Aim of the exercise:
The listing below holds a line with "75 J.; Eltern: Paul" and a line with "Lovely Heart shapes". Reproduce those two lines exactly, plus everything between them.

Extracted data:
#####
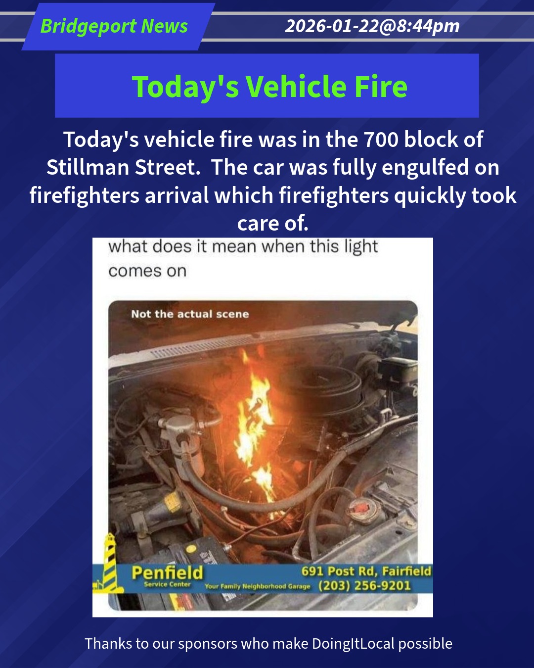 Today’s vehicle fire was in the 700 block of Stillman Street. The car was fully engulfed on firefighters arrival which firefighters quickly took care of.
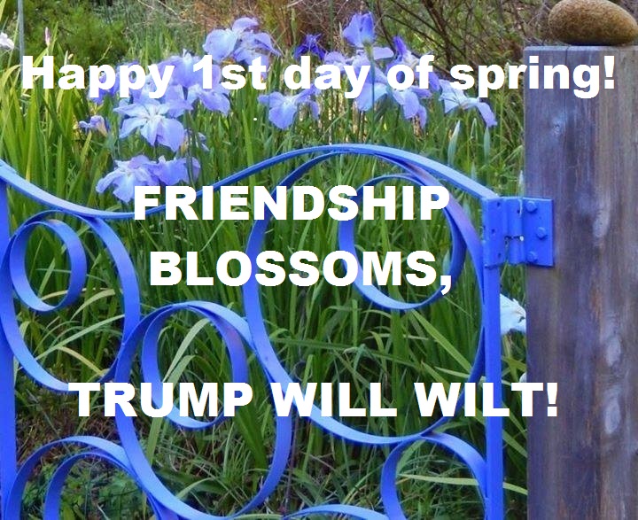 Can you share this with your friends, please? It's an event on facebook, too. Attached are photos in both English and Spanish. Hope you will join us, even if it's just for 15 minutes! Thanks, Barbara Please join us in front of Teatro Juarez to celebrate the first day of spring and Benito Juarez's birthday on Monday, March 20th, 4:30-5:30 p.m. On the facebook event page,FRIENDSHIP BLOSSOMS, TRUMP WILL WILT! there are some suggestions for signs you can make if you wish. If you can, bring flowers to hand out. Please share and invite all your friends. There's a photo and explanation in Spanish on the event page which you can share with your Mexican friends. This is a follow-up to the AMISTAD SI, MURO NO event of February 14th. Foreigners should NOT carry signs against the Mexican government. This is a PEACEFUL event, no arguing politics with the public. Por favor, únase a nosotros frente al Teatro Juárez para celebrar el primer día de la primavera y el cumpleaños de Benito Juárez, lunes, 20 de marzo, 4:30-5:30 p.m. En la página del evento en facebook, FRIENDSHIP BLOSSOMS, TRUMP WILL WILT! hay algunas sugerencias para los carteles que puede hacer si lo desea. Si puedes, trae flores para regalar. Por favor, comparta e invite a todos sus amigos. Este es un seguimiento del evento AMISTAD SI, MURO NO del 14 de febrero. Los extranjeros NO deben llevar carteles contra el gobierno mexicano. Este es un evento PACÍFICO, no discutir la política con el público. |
#####
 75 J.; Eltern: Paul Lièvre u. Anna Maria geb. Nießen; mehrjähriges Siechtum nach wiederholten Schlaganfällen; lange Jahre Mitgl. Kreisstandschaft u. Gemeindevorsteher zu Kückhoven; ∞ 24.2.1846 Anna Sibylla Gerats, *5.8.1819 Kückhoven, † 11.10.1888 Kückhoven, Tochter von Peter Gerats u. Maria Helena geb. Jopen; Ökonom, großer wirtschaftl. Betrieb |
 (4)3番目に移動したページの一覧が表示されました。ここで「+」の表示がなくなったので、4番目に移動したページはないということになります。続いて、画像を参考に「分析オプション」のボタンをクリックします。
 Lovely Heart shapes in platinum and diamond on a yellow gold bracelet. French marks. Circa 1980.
#####
Completed exercise:
 75 J.; Eltern: Paul Lièvre u. Anna Maria geb. Nießen; mehrjähriges Siechtum nach wiederholten Schlaganfällen; lange Jahre Mitgl. Kreisstandschaft u. Gemeindevorsteher zu Kückhoven; ∞ 24.2.1846 Anna Sibylla Gerats, *5.8.1819 Kückhoven, † 11.10.1888 Kückhoven, Tochter von Peter Gerats u. Maria Helena geb. Jopen; Ökonom, großer wirtschaftl. Betrieb |
 (4)3番目に移動したページの一覧が表示されました。ここで「+」の表示がなくなったので、4番目に移動したページはないということになります。続いて、画像を参考に「分析オプション」のボタンをクリックします。
 Lovely Heart shapes in platinum and diamond on a yellow gold bracelet. French marks. Circa 1980.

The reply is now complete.